Arba'in is a day of pilgrimage to the shrine of Husayn in Karbala, Iraq. Pilgrims arrive there in large numbers, often on foot. The most popular route is Najaf to Karbala, as many pilgrims first travel to Najaf and then walk from there to Karbala, some eighty kilometers away, which usually takes three days on foot. Along the way, volunteers provide the pilgrims with free meals and services. Indeed, some have considered generosity and hospitality to be the main features of the Arba'in pilgrimage. When they finally reach the shrine of Husayn in Karbala, pilgrims recite the ziyara of Arba'in, a supplication for this occasion. As with other Shia rituals of Karbala, the Arba'in pilgrimage was banned by the Iraqi president Saddam Hussein, who favored the Sunni community there, and viewed large Shia rituals as a political threat. The pilgrimage was revived soon after the deposal of Saddam in 2003, with numbers growing from two million participants in that year to around twenty million in 2014. Arba'in is also commemorated through mourning gatherings, dramatic reenactments of Karbala narratives, and charitable acts.

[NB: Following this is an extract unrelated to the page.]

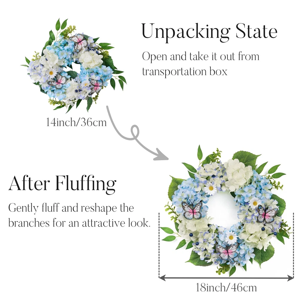 Spring Hydrangeas Wreaths for Front Door with Lights, Blue White Summer Artificial Floral Wreath with Eucalyptus Leaves Butterfly for Home Porch Wedding Party Wall Outdoor Decor-18'' 【Original Design】is a retail brand adhering to original seasonal decorations. Beneath the gentle sunlight, experience the fresh colors of spring intertwined in the designs. In this enchanting Spring Summer season, bring nature’s beauty to your home with —ideal for summer holiday party front door decor. 【Abundant Accessories with High Fidelity】The 18 inch wreath is constructed with a base of real touch branches and adorned with rich elements including soft tough blue and white hydrangeas flowers, white daisy, eucalyptus leaves, realistic butterflies, and more. These elements are skillfully arranged on a natural rattan base, creating a vivid and realistic scene—A stylish accent to make your summer living space bloom. 【Lights with Timer】 This front door wreath is provided with 20 warm LED lights (not pre-lit), offering you the freedom to create a unique lighting arrangement. Switch to the "TIMER" for 6 hours on/18 hours off. (2 AA batteries required, not included). Add a warm, inviting glow to your home this summer with customizable lighting. 【Sturdy Base and Solid Accessories】Crafted with meticulous attention to detail, each component is securely fastened to ensure longevity and resilience against the elements. This Spring Summer wreath will be placed in a box for transportation. No tools are needed, just manually adjust the accessories to expand the wreath. 【Versatile Use】This door wreath is suitable for both indoor and outdoor use. It can be hung on wall, fireplace, window, or placed above the entrance or on a mantel. It can also serve as a centerpiece on a tabletop, offering a warm welcome to family and friends. Additionally, is a thoughtful gifts for Mother’s Day, weddings, anniversaries or Spring Summer daily home decorations. 【More Options】The flower wreath pairs perfectly with our Spring Summer garlands, allowing you to create a harmonious and visually appealing home look.

==Arba'in in the Gregorian calendar==
Arba'in, twentieth of Safar in the Islamic calendar, corresponds to a different day every year in the Gregorian calendar.

| Islamic calendar | 1447 | 1448 | 1449 |
| Gregorian calendar | 14 August 2025 | 3 August 2026 | 24 July 2027 |

== Al Mawakib ==
Al Mawakib (Arabic: المواكب‎, singular: mawkib) are volunteer-run service points set up along the routes to Karbala during the Arba'in pilgrimage. These stations—often tents or temporary roadside shelters—are funded and operated by individuals, families, religious groups, or local communities. They offer pilgrims free services such as meals, drinks, medical care, resting spaces, and occasionally lodging, all provided without charge.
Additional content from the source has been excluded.